Beate Zilversmidt, March 18, 2011
I hadn't expected the international community to actually come to the rescue of the Libyan rebels who were already in the process of being defeated. Those people who wanted the same as what their neighbors had succeeded to get - I was frightened, for what would happen to them, but at the same time aware of the legal and political obstacles for other nations to intervene in whatever country on the side of a rebellion.
We had discussed it quite a bit. After the sweeping Egyptian revolution, in the aftermath of the Tunesian one, we easily identified also with the uprising in Libya.
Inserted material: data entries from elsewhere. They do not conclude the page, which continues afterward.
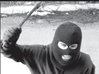
These kinds of photo shoots can be a bit nerve-racking with the Detroit cops having full metal jackets and all.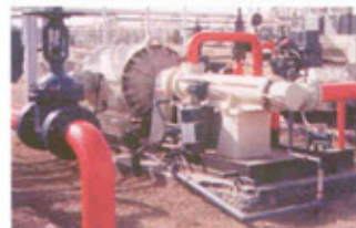
8L and 12D series pumps in crude oil service - Alberta, Canada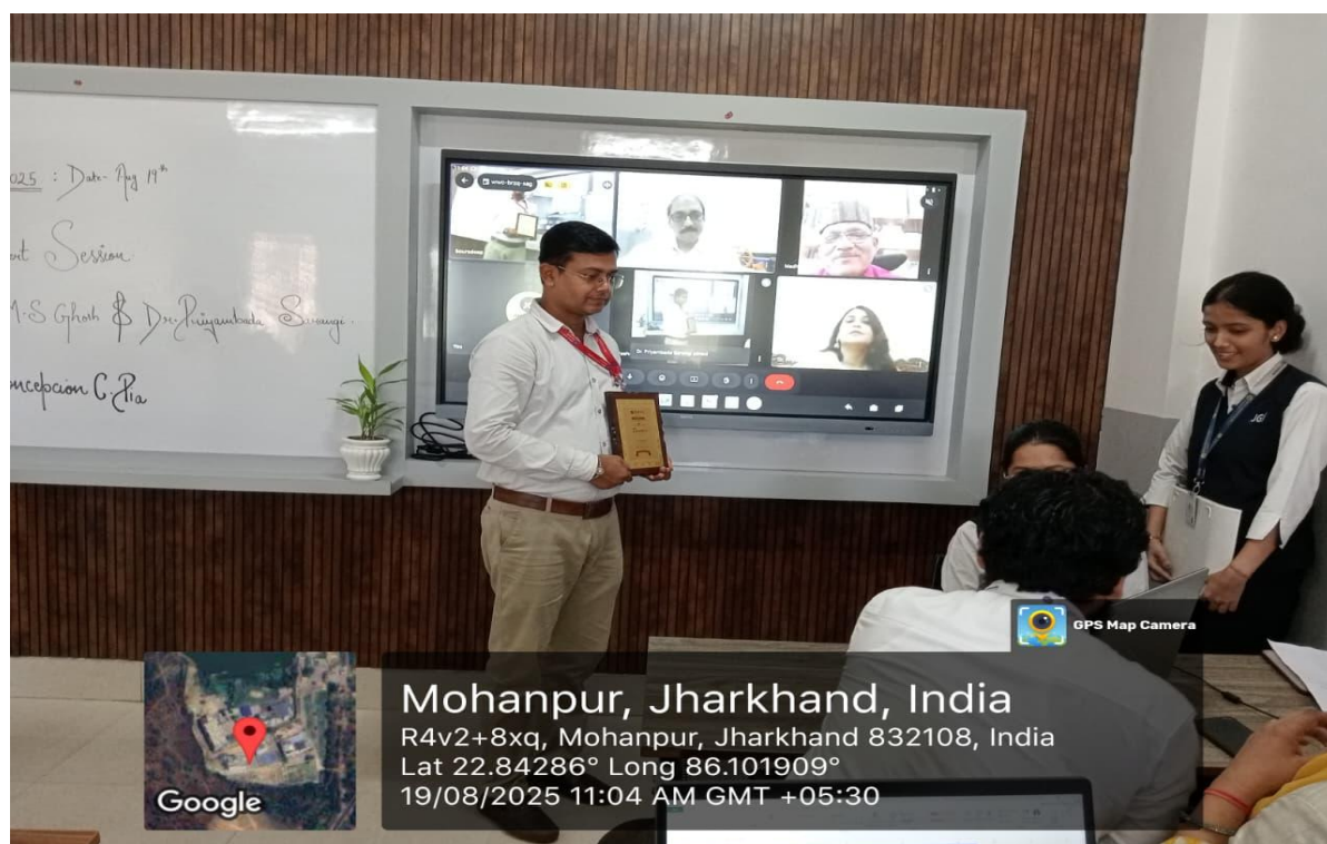
Fig:1-The Speaker is being felicitated with a memento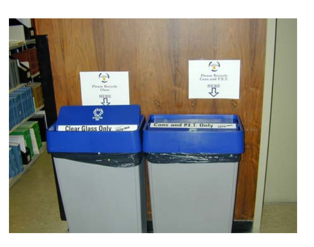
Dana Porter: Tall Bins for Recycling

But where were the soldiers joining the call that after 40 years of Ghaddafi rule also Libya deserves democracy? Ghaddafi apparently had what Mubarak hadn't: enough soldiers accepting orders to shoot at their own people.
"Obama is doing nothing, because he prefers to get oil from Ghaddafi" some concluded. And, indeed, as can be clearly seen from the U.S.' attitude towards the uprisings in Bahrain and Yemen, its policies are limited by an agenda of self-interest. But, regarding Libya whatever Obama, and for that matter the United Nations, would do, they would be suspected of having the wrong motives: intervention would easily be condemned as imperialism; non-intervention as "being on the tyrant's side". In our own circles were those who argued that however much one dislikes Ghaddafi, we must oppose intervention by the imperialist west which is per definition the bigger evil.
With the situation being that complicated it was probably a blessing in disguise that Ghaddafi behaved so utterly disgusting, in deeds, but no less in words. Especially by his display of unscrupledness and his vulgar intimidation he provoked the reluctant international community into overstepping the hurdles and give him just in time an answer in kind.
For the moment this feels as a big relief.